Conversely, if you have a mode (standing wave) that forms at a specific frequency, then playing at a slightly different frequency might show no mode at all: for example, if a tone of exactly 73 Hz creates a standing wave that is clearly identifiable as you walk around the room, with major nulls and peaks, then a tone of 76 Hz might show no modes at all: it sounds the same at all points in the room. Because there are no natural resonances, no "room modes" associated with that frequency.

That's the problem. A BIG problem.

Of course, you don't want that to happen in a control room, because it implies that you would hear different things at different places in the room, for any given song! At some places in the room, some bass notes would be overwhelming, while at other places the same notes would be muted. As you can imagine, if you happen to have your mix position (your ears) located at such a point in the room, you'd never be able to mix anything well, as you would not be hearing what the music REALLY sounds like: you would be hearing the way the room "colors" that sound instead. As you subconsciously compensate for the room modes while you are mixing, you could end up with a song that sounds great in that room at the mix position: the best ever! But it would sound terrible when you played it at any other location, such as in your car, on your iPhone, in your house, on the radio, at a club, in a church, etc. Your mix would not "translate".

And you also don't want major modal issues in a tracking room, for similar reasons: As an instrument plays up and down the scale, some notes will sound louder than others, and will "ring" longer. The instrument won't sound even and balanced.
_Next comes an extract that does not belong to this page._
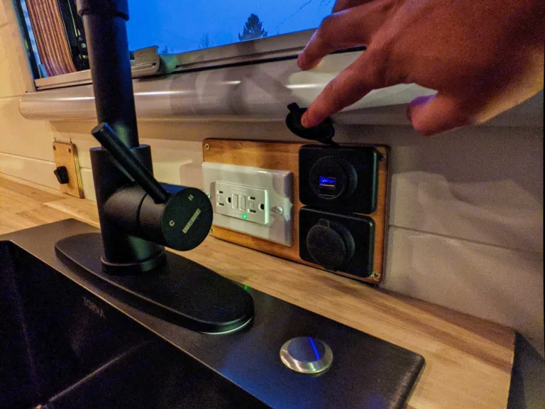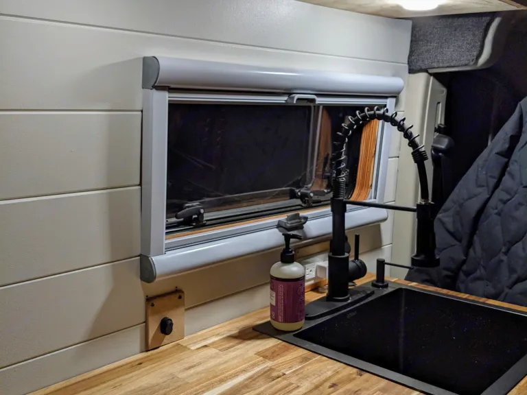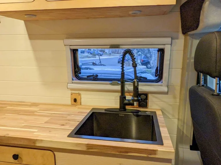 12V powered water pump kitchen sink with tank filled at pick-up (20+ gallons fresh water) note: No Hot water pump- WATER UNAVAILABLE FROM NOVEMBER TO APRIL 1 (pending weather, please inquire about your location/dates if you have questions)

OK, so now I have painted the scary-ugly "modes are terrible monsters that eat your mixes" picture. Now lets look at that a bit more in depth, to get the real picture, and understand why they look bad, but aren't so bad in reality.

So let's go back to thinking about those room modes (also called "eigenmodes" sometimes): remember I said that they occur at very specific frequencies, and they are very narrow in bandwidth? This implies that if you played an E on your bass guitar, it might trigger a massive modal resonance, but then you play either a D or an F and there is no mode, so they sound normal. Clearly, that's a bad situation. But what if there was a room mode at every single frequency? What if there was one mode for E, a different mode for D and yet another one for F? In that case, there would be no problem, since all notes would still sound the same! Each note would trigger its own mode, and things would be happy again. If there were modes for every single frequency on the spectrum, and they all sounded the same, then you could mix in there with no problems!

And that's exactly what happens at higher frequencies. Just not at low frequencies. Because of "wavelength"...

It works like this: remember I said that modes are related to the distance between walls? It's a very simple relationship. Remember I said the waves are "standing" because the peaks and nulls occur at the same spot in the room? In simple terms, for every frequency where a wave fits in exactly between two walls, then there will be a standing wave. And also for exactly twice that frequency, since two wavelengths of that note will now fit. And the same for three times that frequency, since three full waves will now fit in between the same walls. Etc. All the way up the scale.

So if you have a room mode at 98 Hz in your room, then you will also have modes at 196 Hz (double), 294 (triple), 392 (x4), 490(x5), 588(x6), 686(x7) etc., all the way up. If the very next mode in your room after that one, happened to be at 131 Hz, then there would also be modes at 262 Hz(x2), 393(x3), 524(x4), 655(x5), etc.

That's terrible, right? There must be thousands of modes at higher frequencies!!! That must be awful!

Actually, no. That's a GOOD thing. You WANT lots of modes, for the reasons I gave above: If you have many modes for each note on the scale, then the room sounds the same for ALL notes, which is what you want. It's good, not bad. In simple terms: "Many modes close together on the spectrum" = good. "Just a few modes, far apart" = bad.

But now let's use a bit of music theory and math and common sense here, to see what the real problem is.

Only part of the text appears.